By «public» I mean that the intended audience for this criticism is external to academia. The persons who produce and consume this writing may also work in literature departments or have been trained by them, but the venues of distribution, the occasions and incentives for production, the self-conception and work culture of the producers, the stylistic and generic protocols involved, the quality control procedures or lack thereof at play, and the reception context are all shaped more by the historical norms of journalism than those of scholarship.
By «age», I mean roughly 2018 to the present. Although it could be argued that the fuse for the present explosion was lit ten, even fifteen years ago, this period has seen particularly intense levels of production, consumption, and circulation, especially during the years 2020-2021, coinciding with the social, cultural, and intellectual dislocations wrought by the pandemic.
Finally, by «golden» I do not simply mean the way new talent flooding the critical field and collegial competition has produced network effects that have led to an increase in quality of work across the board. Rather, we’ve seen a more profound shift, whether or not it sustains itself at the current degree of intensity for much longer. What the exemplary critical essays of the present day have in common is that they are received as literary art, providing an aesthetic experience closer to fiction than to a consumer report or even to scholarship. For whom have the last five years been a golden age? For readers of criticism, above all. These readers have constituted themselves as a public that is not merely a readership, but a connoisseurship, often reading critical essays for their own sake, and not necessarily as gateways into the books which have occasioned them.

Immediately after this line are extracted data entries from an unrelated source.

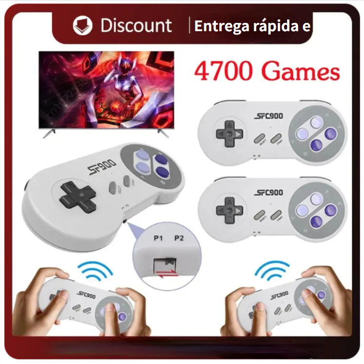 SF900 Retro Video Game Consoles com 2 Controladores de Jogo Gamepad 2.4G Wireless Receiver 4700 Jogos Para Super Nintendo SNES NES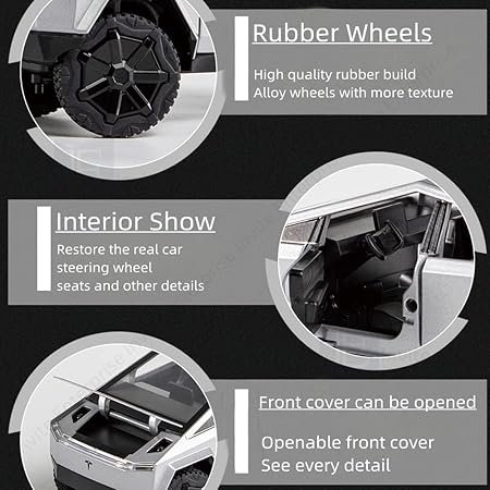This toy car is made using a high-quality die-cast metal body with strong plastic parts, giving it a solid feel and long life. The sharp body shape, wide wheels, detailed windows, and clean finish closely match the real Tesla Cybertruck design. It looks stylish and stands out among regular toy cars.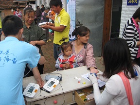 农民慢性病筛查健康体检走进双阳区鹿乡镇卫生院,在乡卫生院医生的协助下,我们挂起了健康宣传条幅,也很快便将各设备安置妥当,随即就来了大批参加免费体检调查的本地居民。面对着“浩浩荡荡”的人群,志愿者的倦意顿时全失,队员们都各尽其责,积极投入到工作中去,问卷和各项体检工作也都有条不紊地进行着。然而,对于我们问卷中一些关于人民衣、食、住、行等方面的问题,很多居民表现出的是不理解、不配合甚至是抵触心理,他们认为这些都与健康体检无关而且时间过长,但志愿者用微笑、耐心和真诚向他们详细解说了这一问卷调查对健康体检结果的重要意义。果然,有付出就有回报,有努力就有收获,人们纷纷由开始的不愿意合作填写问卷,到后来都愿意敞开心扉、说出心里话并配合我们工作了。这让志愿者很是欣慰,在一定程度上提高了志愿者的积极性、让我们激情倍增。

It is perhaps useful to think of the critical field in schematic terms, as the points of a rectangle, with critics occupying the upper lefthand corner, venues occupying the upper righthand corner, publishers occupying the lower lefthand corner, and readers occupying the lower righthand corner. The standard way for information to travel around this field is as follows: publicists at publishing houses send advance review copies or galleys to critics who pitch articles to editors who publish them in their venues which are read by audiences who in turn do or do not buy the publisher’s book. In this situation, criticism reaches audiences indirectly, via the mediation of the venue. But this schema is simplistic and ought to be complicated in several ways. Publishers engage in publicity directly to audiences and also diagonally to venues themselves, which sometimes commission critics directly and provide publicity for publishers in the form of blurbs and the imprimatur of a review. We can draw a diagonal line not only between publishers and venues, but also between critics and audiences, who directly and sometimes reciprocally communicate with each other via online publishing platforms like Twitter, Word Press blogs, and more recently through subscription newsletters like Substack. Venues are no longer exclusively print or even hybrid print-online outlets but have been supplemented by listener-interface venues like literary podcasts. There is a degree of overlap between the personnel of each of the points of the rectangle: editors sometimes produce criticism, critics form a part of the audience for criticism, and members of the audience sometimes maintain blogs, Twitter, Instagram, and Goodreads accounts that bring them into direct contact with publishers. These qualifications aside, however, this rectangular schema provides a decent overview of the landscape of the literary critical field and will be useful to keep in mind as I talk about critics and to a lesser degree, venues, and audiences.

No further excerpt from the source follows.